What are California’s unique overtime rules?

Is overtime pay due for long days even if workweek doesn’t exceed 40 hours?

Q. Do I have to pay overtime to an employee who works more than eight hours a day but less than 40 hours of work per week?

A. California wage-and-hour law tends to be more protective of employees than other states’ laws or the laws of the federal government.

Unlike federal law, which only entitles employees to overtime pay if they work more than 40 hours per week, California requires that employees receive overtime pay at one and a half times the regular rate of pay if they work more than eight hours in a workday. That applies even if the employee does not work more than 40 hours in the workweek.

Note that California law also requires employers to pay overtime at a rate of one and a half times the regular rate of pay if an employee works more than 40 hours in a workweek or works a seventh day in a row in a workweek.

Employees are entitled to double the regular rate of pay if they work in excess of 12 hours in a single day or if they work more than eight hours on the seventh day of work in a row in a workweek.

Payroll Handbook D

As is often the case with California law, these rules do not apply in all circumstances. For example, these overtime requirements do not apply to exempt employees or employees operating under valid collective bargaining agreements providing for overtime. Also exempt from the rules are employers that follow certain alternative workweek schedules, employees making up time, de minimis time or employees in certain industries.

Can salaried employees earn overtime pay?

Q. Is it true that there are some cases in which I have to pay overtime to salaried employees?

A. A common misconception in California wage-and-hour law is that salaried employees aren’t entitled to overtime. This isn’t always true.

Whether someone must receive overtime pay is not determined by the method of payment; it is determined by his or her status as an exempt or nonexempt employee. “Exempt” employees are exempt from overtime requirements.

But, if a salaried nonexempt employee works in excess of eight hours in a day, six days in a week or 40 hours a week, they are entitled to overtime pay just like any other nonexempt employee who is paid on an hourly basis.
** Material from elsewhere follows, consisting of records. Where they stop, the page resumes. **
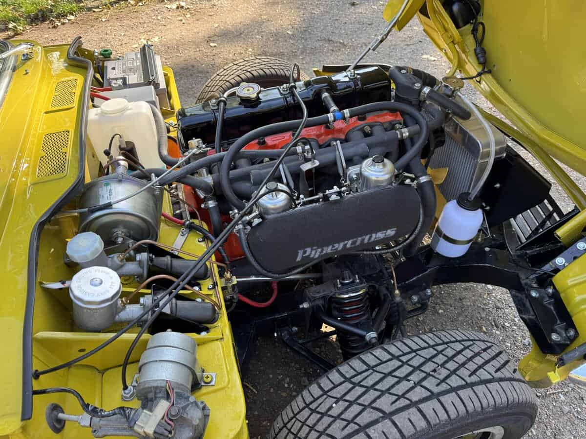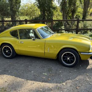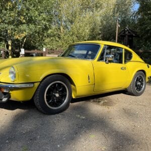 We’re thrilled to present this meticulously restored and tastefully upgraded 1973 Triumph GT6 Mk3 – finished in striking Mimosa Yellow with a black leather interior. With a fully rebuilt Triumph 2.5L straight-six engine, a Ford Type 9 five-speed gearbox, and uprated handling throughout, this GT6 combines the beauty of an iconic British sports coupé with the performance of a modern resto-mod.
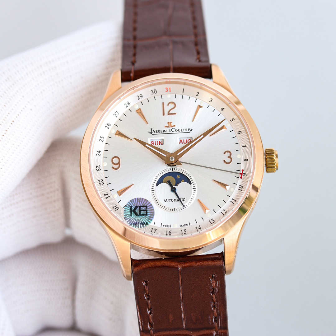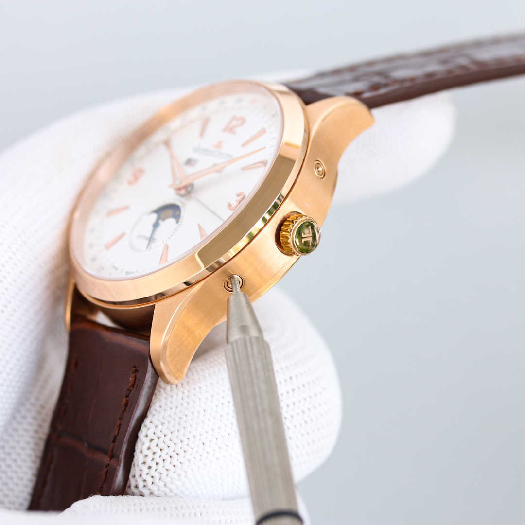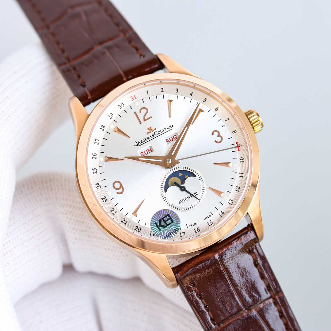 积家日历大师1558420系列,腕表十二点位置两个窗口分别显示星期和月份,腕表在6点钟位置的副表盘可读取月相显示,边缘位置则显示时钟!腕表前后均采用蓝宝石水晶玻璃,皮带采用进口意大利牛皮,表扣则与表壳同材质的原装折叠扣,机芯则搭载与一样866型自动上链机芯,最大能量度还原!
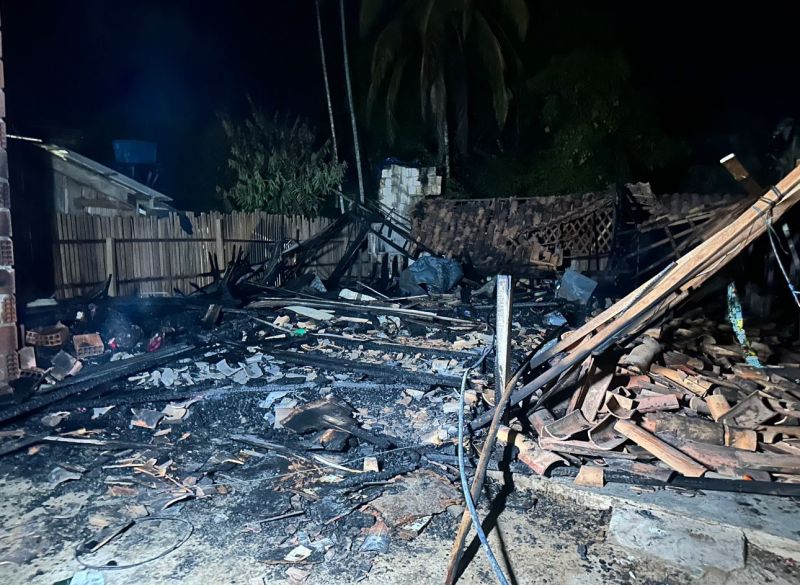 Um incêndio consumiu completamente a casa de Oziel Almeida, morador do bairro de Fátima 1 em Tailândia, nesta sexta-feira (01). As chamas foram causadas por um problema na parte elétrica da residência.
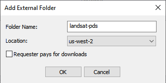 Use this option to connect to an AWS folder, such as a public folder. This might include open data listed on https://registry.opendata.aws/ or https://registry.opendata.aws/tag/geospatial/ such as USGS Lidar, Sentinel 2, Landsat 8, NOAA, etc.

The only difference is that the regular rate of pay must be calculated differently for a salaried employee.

What if an employee volunteers for overtime?

Q. Do I have to pay overtime to a nonexempt employee when he or she volunteers to work additional hours?

A. California employers must pay overtime even if an employee volunteers to work additional hours without an expectation he or she will be paid.

An employee must be paid for all of the time they were “suffered or permitted to work, whether or not required to do so.” An employee cannot waive this right.

Furthermore, an employer may be required to pay overtime even if it did not authorize the employee to work past regular shift hours. To prevent employees from choosing to work overtime of their own accord—resulting in the employer paying unexpected overtime—many employers implement policies penalizing employees who work overtime without a supervisor’s permission.